Online Convex Optimization in the Random Order Model

ICML 2020  ·  Dan Garber, Gal Korcia, Kfir Levy ·

Online Convex Optimization (OCO) is a powerful framework for sequential prediction, portraying the natural uncertainty inherent in data-streams as though the data were generated by an almost limitless adversary. However, this view, which is often too pessimistic for real-world data, comes with a price. The complexity of solving many important online tasks in this adversarial framework becomes much worse than that of their offline counterparts. In this work we consider a natural random-order version of the OCO model, in which the adversary can choose the set of loss functions, but does not get to choose the order in which they are supplied to the learner; Instead, they are observed in uniformly random order.

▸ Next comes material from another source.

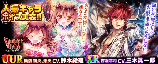 ソーシャルゲーム開発を行う、株式会社テンダ(本社/東京都豊島区、 代表取締役社長/小林 謙)は、「mobage(モバゲー)」など各ゲームプラットフォームで提供中のソーシャルゲーム『ヴァンパイア†ブラッド』にて4月30日(月)より「<UUR>梟森莉央(CV. 鈴木絵理)」「<UUR>梟森未央(CV. 鈴木絵理)」「<XR>吉瀬零司(CV.三木眞一郎)」のボイス付カードを追加したことをお知らせいたします。

While such a model is clearly not suitable for temporal data, which inherently depends on time, it is very much plausible in distributed settings, in which data is generated by multiple independent sources, or streamed without particular order. Focusing on two important families of online tasks, one which generalizes online linear and logistic regression, and the other being online PCA, we show that under standard well-conditioned-data assumptions (that are often being made in the corresponding offline settings), standard online gradient descent (OGD) methods become much more efficient in the random-order model. In particular, for the first group of tasks which includes linear regression, we show that OGD guarantees polylogarithmic regret (while the only method to achieve comparable regret in the fully-adversarial setting is the Online-Newton Step method which requires quadratic memory and at least quadratic runtime). This result holds even without assuming the convexity of individual loss functions. In the case of online k-PCA, we show that OGD minimizes regret using only a rank-k SVD on each iteration and requires only linear memory (instead of nearly quadratic memory and/or potentially high-rank SVDs required by algorithms for the fully-adversarial setting).